▶ **DATASET EXCERPT**
»»

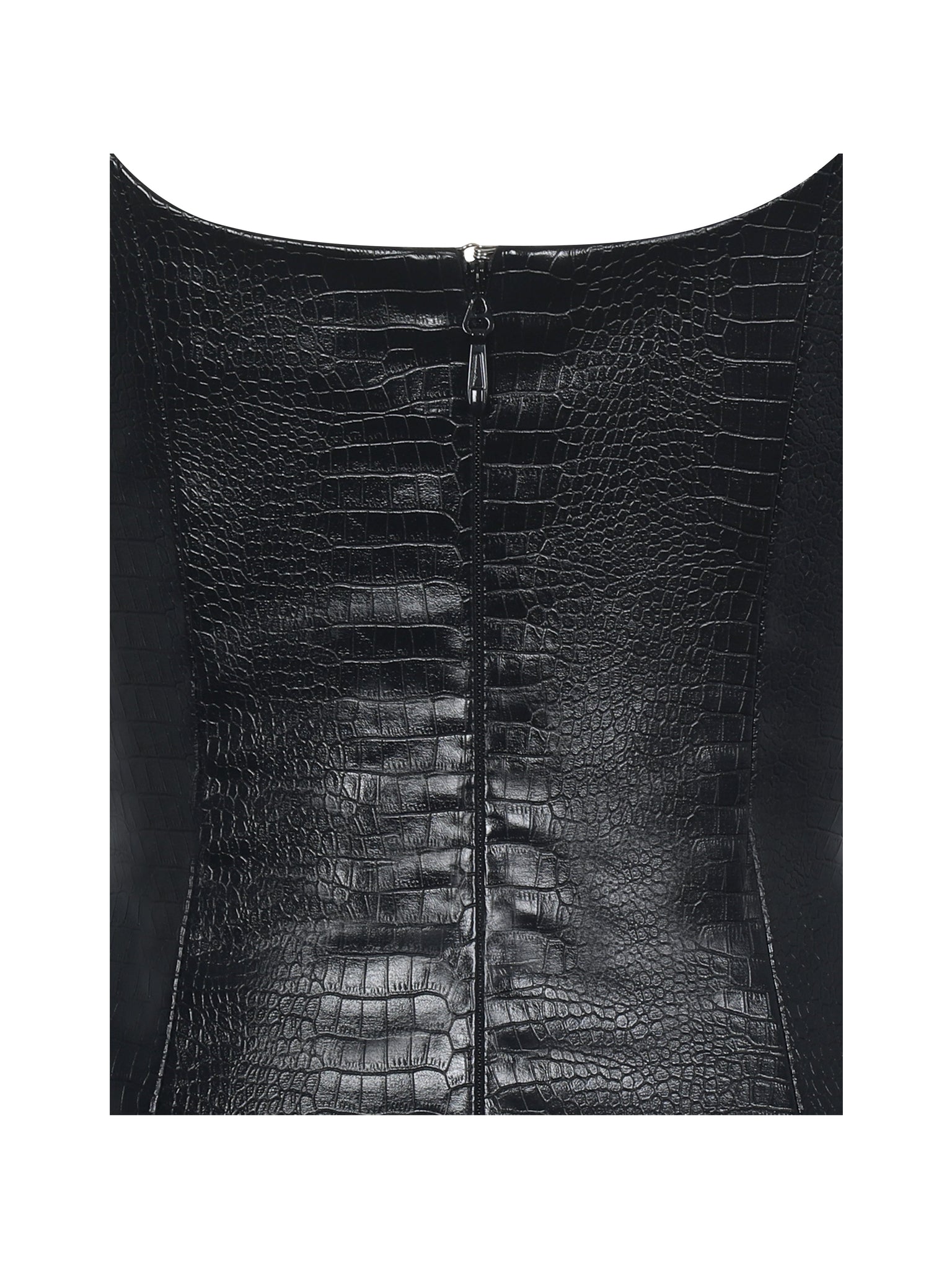 Command the night in the Quilia Dress, a sleek black mini cut from supple vegan crocodile leather. Its plunging V-neckline and wide straps frame the neckline, while princess seams contour the body for a sculpted, second-skin fit. A hint of pleating at the bust adds a flirtatious note, balanced by the dress’s unapologetically bold texture. Fully lined in smooth satin, it’s finished with an invisible back zipper for a seamless silhouette. Whether paired with stilettos for rooftop cocktails or boots for a late-night edge, the Quilia Dress is your ticket to turning every sidewalk into a runway.
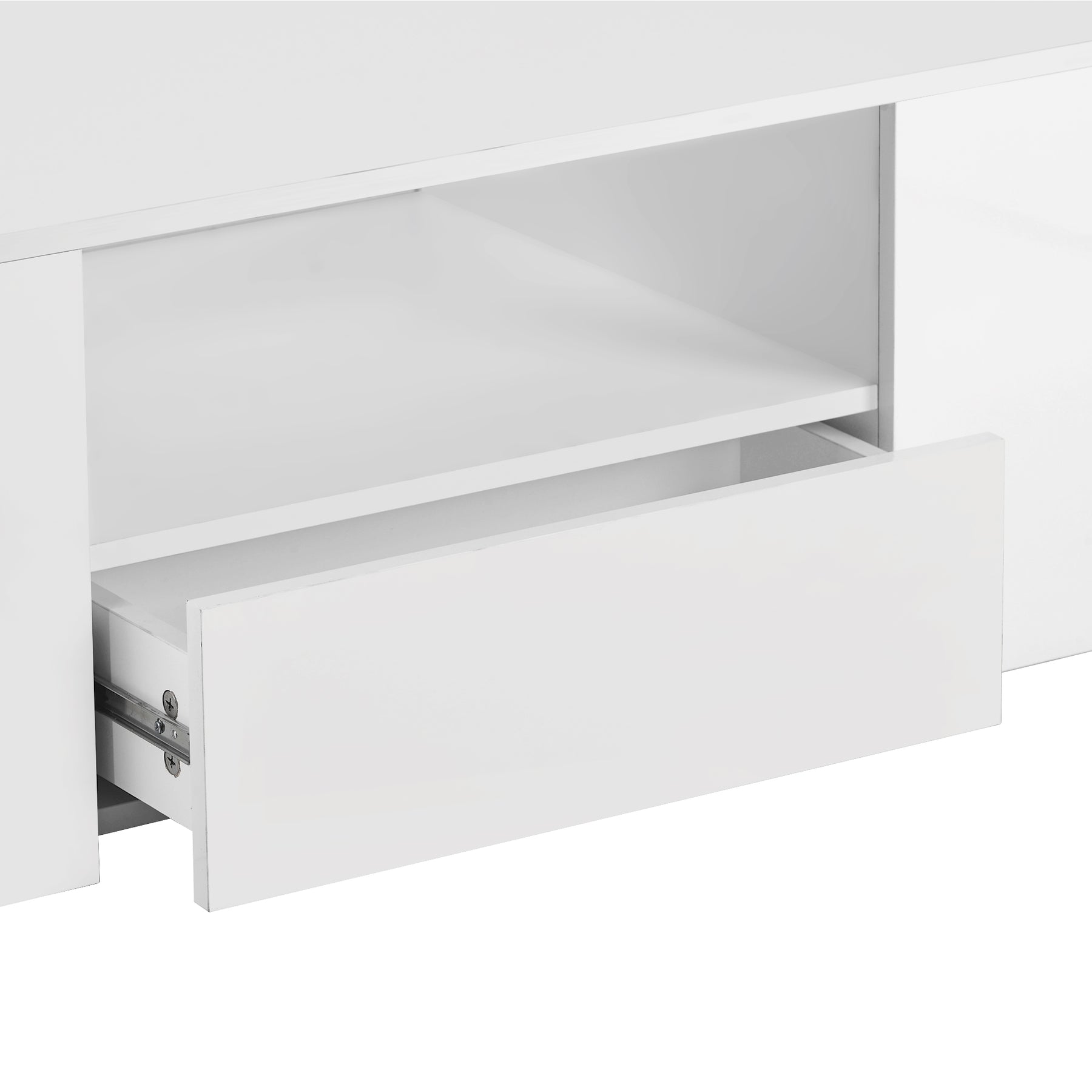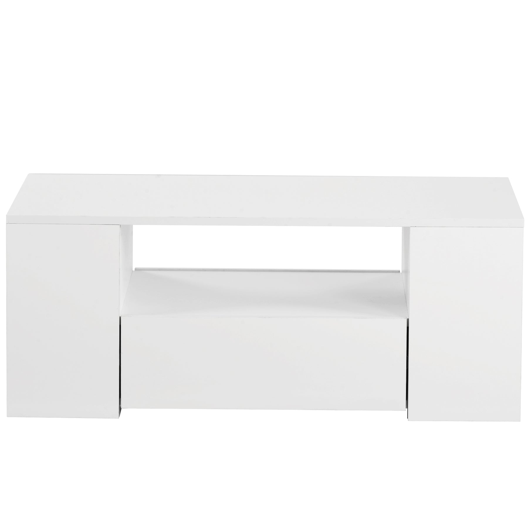 Table Basse Blanche Brillante Moderne avec 2 Tiroirs, 2 Étagères et Éclairage LED USB DUZOITH
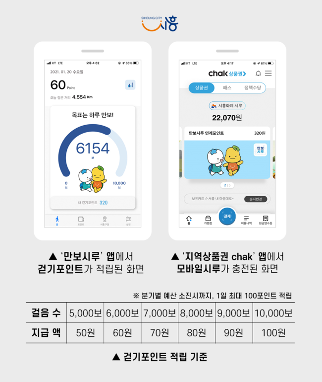 만보시루 앱은 5천보부터 1만보까지 사용자의 목표 걸음 수에 따라 1일 최대 100원의 포인트가 적립된다. 적립된 포인트는 시흥시 지역화폐인 ‘모바일시루’로 실시간 전환해 사용할 수 있다.
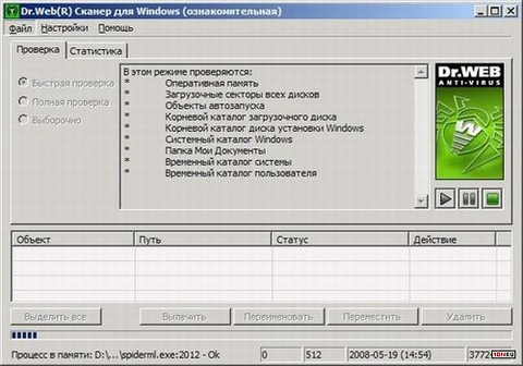 Интерфейс сканера Dr.Web чересчур простой, (для современного коммерческого продукта) и совсем не дружелюбный - в этом отношении антивирус явно уступает всем остальным программам обзора. Серьезные неудобства создает отсутствие в программе единого центра, откуда возможна настройка и управление всеми модулями антивируса.

««

Make an exact copy of the listing, with no images in it.

 Command the night in the Quilia Dress, a sleek black mini cut from supple vegan crocodile leather. Its plunging V-neckline and wide straps frame the neckline, while princess seams contour the body for a sculpted, second-skin fit. A hint of pleating at the bust adds a flirtatious note, balanced by the dress’s unapologetically bold texture. Fully lined in smooth satin, it’s finished with an invisible back zipper for a seamless silhouette. Whether paired with stilettos for rooftop cocktails or boots for a late-night edge, the Quilia Dress is your ticket to turning every sidewalk into a runway.
 Table Basse Blanche Brillante Moderne avec 2 Tiroirs, 2 Étagères et Éclairage LED USB DUZOITH
 만보시루 앱은 5천보부터 1만보까지 사용자의 목표 걸음 수에 따라 1일 최대 100원의 포인트가 적립된다. 적립된 포인트는 시흥시 지역화폐인 ‘모바일시루’로 실시간 전환해 사용할 수 있다.
 Интерфейс сканера Dr.Web чересчур простой, (для современного коммерческого продукта) и совсем не дружелюбный - в этом отношении антивирус явно уступает всем остальным программам обзора. Серьезные неудобства создает отсутствие в программе единого центра, откуда возможна настройка и управление всеми модулями антивируса.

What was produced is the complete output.